▶ _EXERCISE DIRECTIONS_: Would you return the data below exactly as it stands, with every picture left out?

▶ _DATA EXCERPTS_:
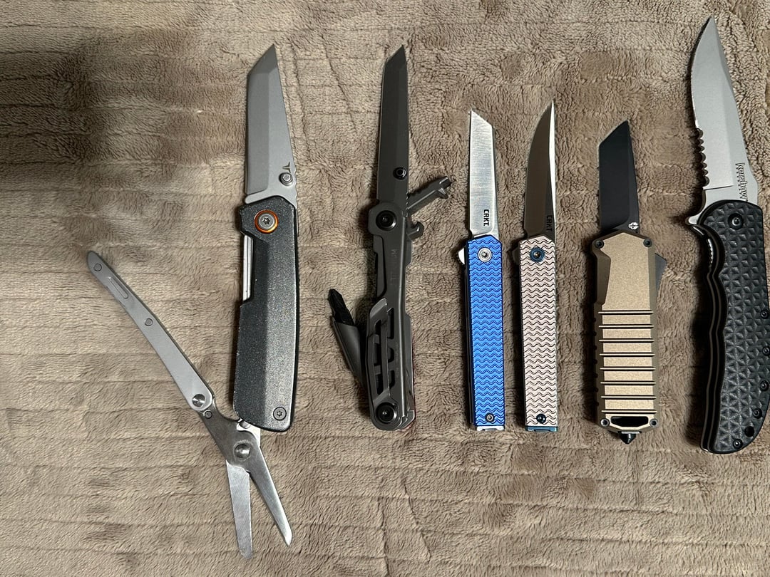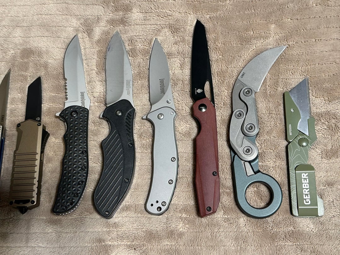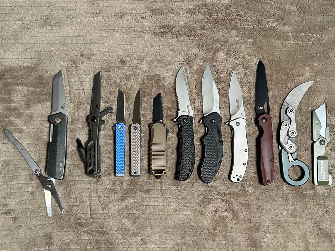 From left to right: True Dual Cutter, True Ti 5 in 1, CRKT CEO Microflipper (x2), Tekto A2 Badger, Kershaw Volt 2, Clash and Zing SS, Kizer Genie, CRKT Provoke Karambit, Gerber E.A.B (missing its Lennox Gold blade… sad). Oh and the forgotten Opinel I was gifted in last picture, not my choice of color but still dig it.
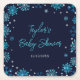 Blue and Silver Snowflakes Baby Shower Square Paper Coaster
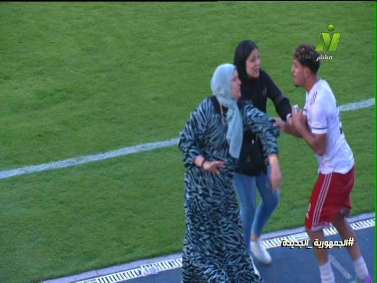 ورصدت عدسات التلفزيون الناقلة لمباراة حرس الحدود وسبورتنج في الجولة الأخيرة من دورة الترقي المؤهلة إلى الدوري الممتاز، تواجد أم احد الاعبين على أرضية ملعب المباراة للحد من الاشتباكات الواقعة في أرضية الملعب، بعد نهايتها.
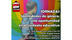 Desde Chrysallis nos hace llegar esta propuesta de formación organizada por CGT Enseñanza sobre Identidades de género, centrada en el contexto educativo. La jornada es gratuita, homologada y reconocida con 8 horas de formación y pretende dar a conocer los conceptos teóricos relacionados con las identidades de género, la diversidad afectiva sexual y familiar, así como sensibilizar al sobre la realidad personal, social, educativa y familiar de las personas transgénero.
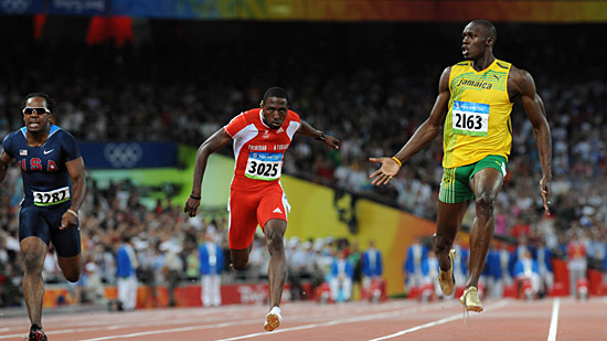 一股黑色旋風瞬間掠過“鳥巢”的紅色跑道,牙買加“奇人”博爾特最終用實力證明他是世界上跑得最快的人。 16日晚,在全場驚爆的歡呼聲中,他僅用了9秒69的時間到達了100米跑道的終點,并刷新了自己2個多月前創下的9秒72的世界紀錄,一舉奪得北京奧運會男子100米冠軍。 特立尼達和多巴哥的湯普森以9秒89摘得銀牌;美國人迪克斯贏得銅牌,成績為9秒91。 16日晚在“鳥巢”內上演的“飛人大戰”決賽,幾乎成了博爾特一個人的表演。而就在兩個多月前,博爾特剛以9秒72打破了鮑威爾9秒74的世界紀錄。 在半決賽中跑出9秒85的博爾特,當晚站在“飛人大戰”決賽第4道。決賽中,22歲的博爾特并未給對手以機會,如同離弦之箭第一個沖向百米跑道的終點。 他的同胞、前世界紀錄保持者鮑威爾則排名第五,成績為9秒95。 半決賽16位選手中,有6位跑進了10秒大關,進入男子100米決賽的門檻為10秒03。賽前的奪冠熱門、美國“飛人”蓋伊在半決賽中僅跑出10秒05的成績,排位小組第五,無奈憾別“飛人大戰”決賽跑道。
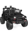 FOR THE CHILD AT HEART (3 YEARS AND UP): Small but mighty, this ride-on is perfect for little racers who want to hit the road like the big kids! 12V Kids Ride On Jeep (Black) - <b>Parent Remote Control Included</b><ul> <li>STRONG 12V LIFELIKE DESIGN: Customizable seatbelt, bright LED headlights, lockable doors, and rugged windshield give off-road vibes, with a 12V motor and traction tires for various terrains.</li> <li>DRIVE MANUALLY OR PARENTALLY: Let your child take the wheel or use the remote control to guide them safely; the remote has forward and reverse controls.</li> <li>SAFE & STURDY: Equipped with plastic wheels that never go flat, a spring suspension system, and a safe max speed of 5km/h for smooth outdoor adventures.</li> <li>BLAST YOUR TUNES: Built-in AUX port lets kids plug in their devices and jam out while driving;</li> </ul>

▶ _YOUR SOLUTION_:
 From left to right: True Dual Cutter, True Ti 5 in 1, CRKT CEO Microflipper (x2), Tekto A2 Badger, Kershaw Volt 2, Clash and Zing SS, Kizer Genie, CRKT Provoke Karambit, Gerber E.A.B (missing its Lennox Gold blade… sad). Oh and the forgotten Opinel I was gifted in last picture, not my choice of color but still dig it.
 Blue and Silver Snowflakes Baby Shower Square Paper Coaster
 ورصدت عدسات التلفزيون الناقلة لمباراة حرس الحدود وسبورتنج في الجولة الأخيرة من دورة الترقي المؤهلة إلى الدوري الممتاز، تواجد أم احد الاعبين على أرضية ملعب المباراة للحد من الاشتباكات الواقعة في أرضية الملعب، بعد نهايتها.
 Desde Chrysallis nos hace llegar esta propuesta de formación organizada por CGT Enseñanza sobre Identidades de género, centrada en el contexto educativo. La jornada es gratuita, homologada y reconocida con 8 horas de formación y pretende dar a conocer los conceptos teóricos relacionados con las identidades de género, la diversidad afectiva sexual y familiar, así como sensibilizar al sobre la realidad personal, social, educativa y familiar de las personas transgénero.
 一股黑色旋風瞬間掠過“鳥巢”的紅色跑道,牙買加“奇人”博爾特最終用實力證明他是世界上跑得最快的人。 16日晚,在全場驚爆的歡呼聲中,他僅用了9秒69的時間到達了100米跑道的終點,并刷新了自己2個多月前創下的9秒72的世界紀錄,一舉奪得北京奧運會男子100米冠軍。 特立尼達和多巴哥的湯普森以9秒89摘得銀牌;美國人迪克斯贏得銅牌,成績為9秒91。 16日晚在“鳥巢”內上演的“飛人大戰”決賽,幾乎成了博爾特一個人的表演。而就在兩個多月前,博爾特剛以9秒72打破了鮑威爾9秒74的世界紀錄。 在半決賽中跑出9秒85的博爾特,當晚站在“飛人大戰”決賽第4道。決賽中,22歲的博爾特并未給對手以機會,如同離弦之箭第一個沖向百米跑道的終點。 他的同胞、前世界紀錄保持者鮑威爾則排名第五,成績為9秒95。 半決賽16位選手中,有6位跑進了10秒大關,進入男子100米決賽的門檻為10秒03。賽前的奪冠熱門、美國“飛人”蓋伊在半決賽中僅跑出10秒05的成績,排位小組第五,無奈憾別“飛人大戰”決賽跑道。
 FOR THE CHILD AT HEART (3 YEARS AND UP): Small but mighty, this ride-on is perfect for little racers who want to hit the road like the big kids! 12V Kids Ride On Jeep (Black) - <b>Parent Remote Control Included</b><ul> <li>STRONG 12V LIFELIKE DESIGN: Customizable seatbelt, bright LED headlights, lockable doors, and rugged windshield give off-road vibes, with a 12V motor and traction tires for various terrains.</li> <li>DRIVE MANUALLY OR PARENTALLY: Let your child take the wheel or use the remote control to guide them safely; the remote has forward and reverse controls.</li> <li>SAFE & STURDY: Equipped with plastic wheels that never go flat, a spring suspension system, and a safe max speed of 5km/h for smooth outdoor adventures.</li> <li>BLAST YOUR TUNES: Built-in AUX port lets kids plug in their devices and jam out while driving;</li> </ul>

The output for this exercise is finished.